With the NHS chronically understaffed, resources limited and demand for services increasing, clinical staff are working hard in local systems under pressure. Clinician burnout is on the rise globally and can bring with it significant risks around the care and safety of patients, as well as having a devastating effect on the personal lives of individual clinicians.

Join our online event to explore some of the latest evidence on the health and wellbeing of clinicians and the practical actions that can help to make a difference to the lives of staff. Our speakers will discuss the pressures that threaten personal health, morale, patient care and create a burden on the NHS while exploring how to tackle the root causes and engage people and leaders in how to create the best, supportive places to work.

 

Clinician burnout is happening now to someone you know or work with. 80 per cent of doctors in a 2019 British Medical Association survey were at high or very high risk of burnout, with junior doctors most at risk, followed by general practitioners. 
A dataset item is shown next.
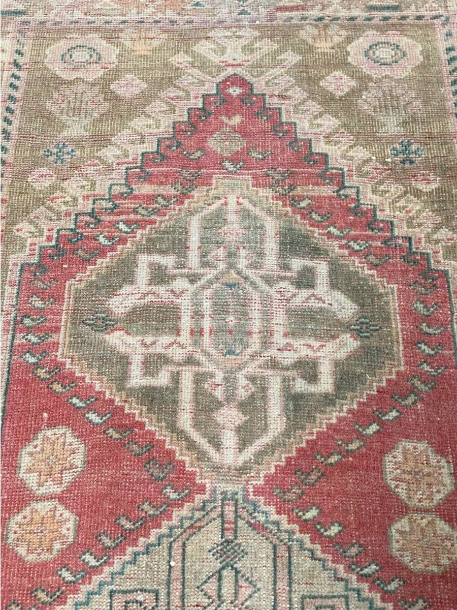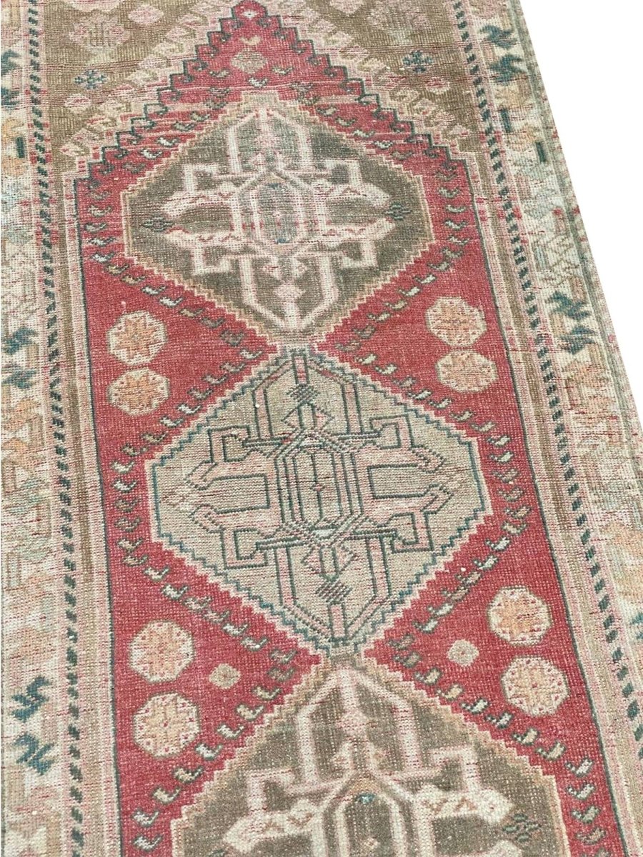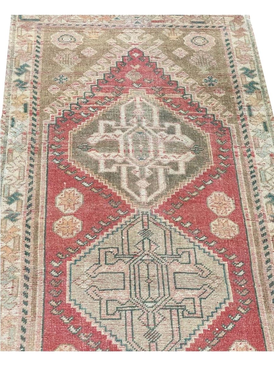 Enhance your home with the timeless charm of this 2x6 Old Persian Shiraz Runner Rug. This runner features a medallion pattern with intricate geometric motifs, reflecting the rich craftsmanship of Persia. The deep red background is complemented by natural tones of beige and hints of green, creating a warm and elegant aesthetic. A detailed border with ornate designs adds to its classic appeal. This rug is handmade in Persia with premium wool and offers durability and a luxurious texture. Perfect for narrow hallways, entryways, or alongside furniture, it brings a touch of authentic Persian heritage to your space. Shop this beautiful rug now and get a complimentary delivery to your doorstep.

In October, the General Medical Council is due to publish the findings of a major review – led by Professor Michael West – on the health and wellbeing of doctors and medical students. The recommendations are expected to identify priority areas for collaborative action at individual, team, organisational and system level to help tackle the causes of poor wellbeing.

Tackling clinician burnout requires urgent action to create and maintain healthy workplace cultures. The NHS people plan is being developed to support delivery of the NHS long-term plan and make the NHS a better place to work. The Interim NHS people plan recognised ‘the NHS is being negatively impacted by the fact that our people are overstretched – this is evident from the 2018 NHS Staff Survey where more people have reported bullying, harassment and abuse in their workplace in the last 12 months’.